Your Apps Could Have a Serious Security Vulnerabilities


A recent study of Android and Apple iOS users found that nearly three-quarters of the applications installed on these operating systems had information storage vulnerabilities leaving users open to hackers and identity theft.

After extensive testing of apps available on both Android and iOS, new study from Positive Technologies has shown that insecure information storage has become the most frequent security flaw in all mobile apps.

Insecure data storage is only one of a number of vulnerabilities that a security firm’s researchers said they’ve found after conducting safety assessments of several mobile software for both iPhones along with Google Android devices.

The company’s new Vulnerabilities and Threats in Mobile Applications 2019 report found that while critical vulnerabilities are somewhat more common in Android apps compared to in their own iOS counterparts (43% vs 38%), this difference is nominal as the security level of mobile apps is approximately equivalent.

Approximately a third of applications (about 35%) were found to display susceptibilities concerning insecure transmission of personal data, while researchers found that the same percentage demonstrated issues around incorrect implementation of session expiry.

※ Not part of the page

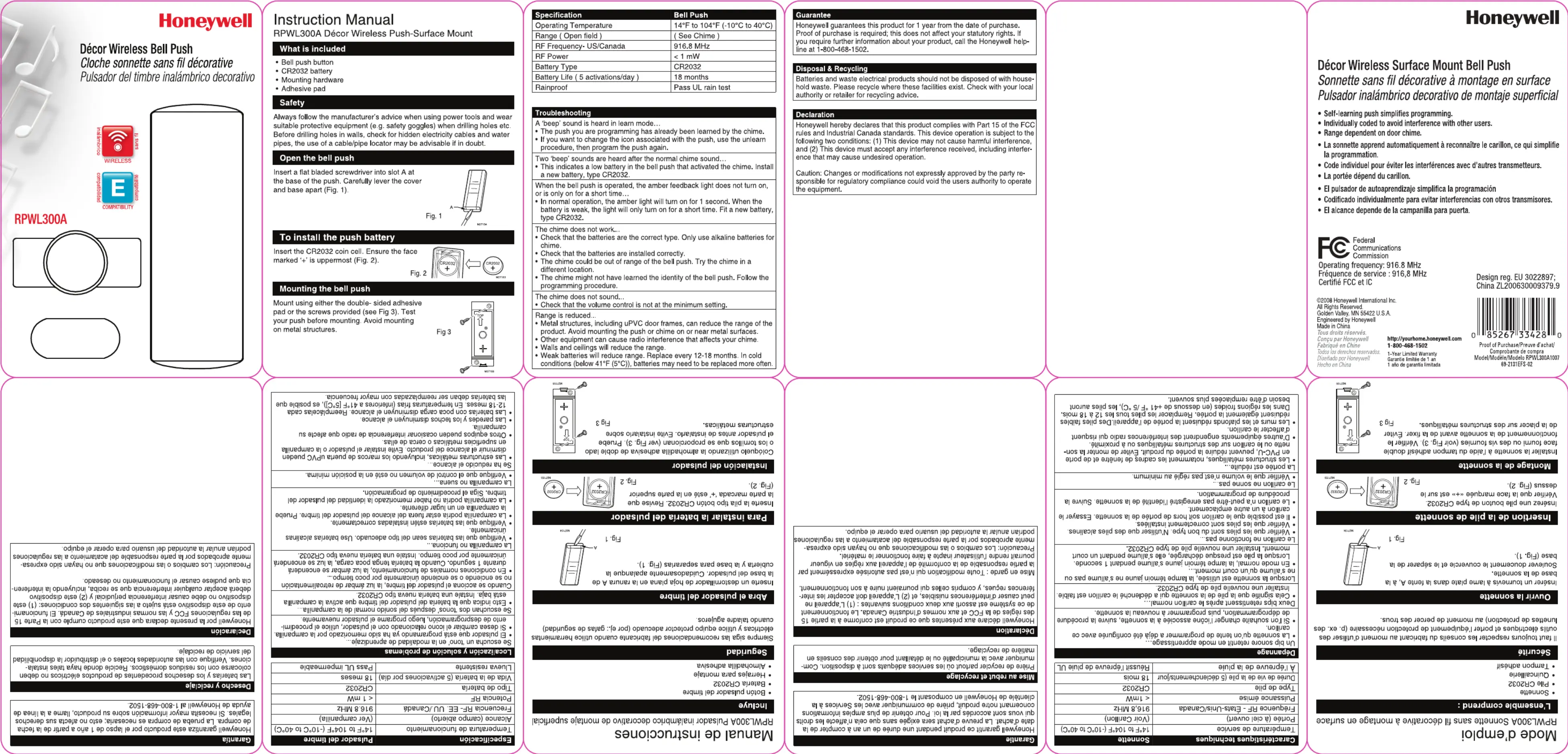 Bekijk gratis de handleiding van Honeywell RPWL300A (40 pagina’s), behorend tot de categorie Deurbel. Deze gids werd als nuttig beoordeeld door 24 mensen en kreeg gemiddeld 4.4 sterren uit 2 reviews. Heb je een vraag over Honeywell RPWL300A of wil je andere gebruikers van dit product iets vragen? Stel een vraag

Added vulnerabilities found in just under one in five of the tested software consist of sensitive data being stored in the program source code and insufficient protection against cyber attacks using brute-force practices.

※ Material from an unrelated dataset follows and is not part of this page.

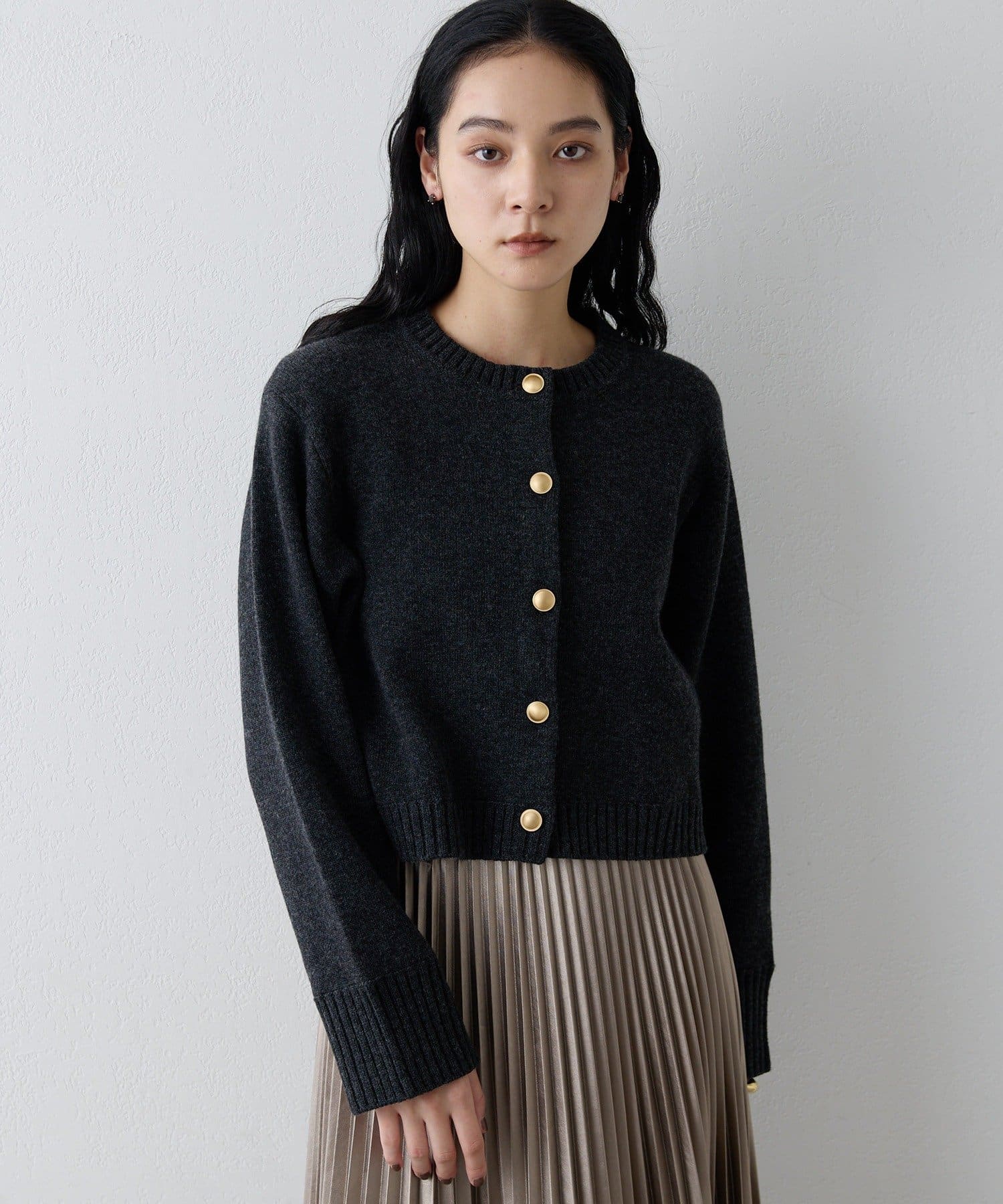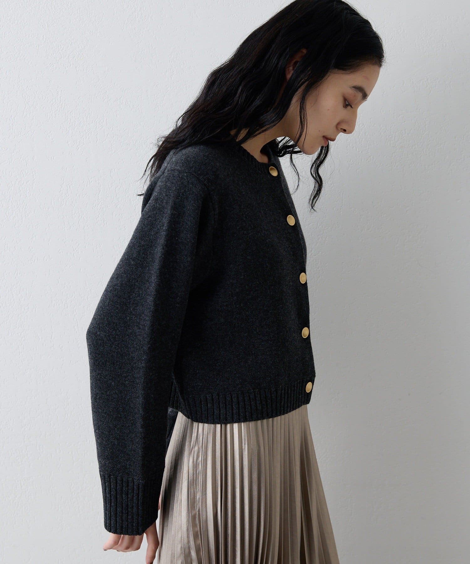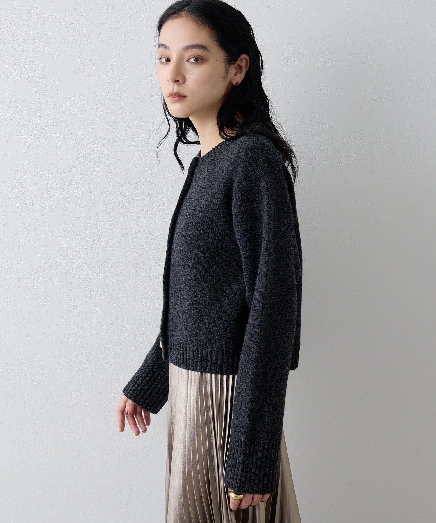 ■ウールカシミヤ混のクルーネックニットカーディガン。

Of the vulnerabilities found in mobile apps by Positive Technologies, 89 percent could be exploited by malware.

The risk of being infected with malware jumps on rooted and jailbroken apparatus though malware may also elevate privileges alone. Once installed on a victim’s apparatus, malware can ask for permission to access consumer information and if consent is given, the malware may then send that data back to the attackers.

Cybersecurity resilience lead at Positive Technologies, Leigh-Anne Galloway explained how smartphone consumers can protect themselves from insecure data storage and the growing malware threat, saying:

” In 2018, cellular apps were downloaded on consumer devices over 205 billion times. Programmers pay meticulous attention to applications design so as to give us a smooth and easy experience and individuals gladly install mobile apps and supply personal information. However, an alarming amount of apps are seriously insecure, and far less developer attention is spent on solving that problem. Stealing info from a smartphone usually does not even require physical access to this device.

“We recommend that users take a detailed look when applications request access to phone functions or information. Should you doubt that an application requires access to perform its job correctly, decline the petition. Users can also protect themselves by being vigilant on not opening anonymous links from SMS and chat programs, rather than downloading programs from third-party program shops. It is far better to be safe than sorry.”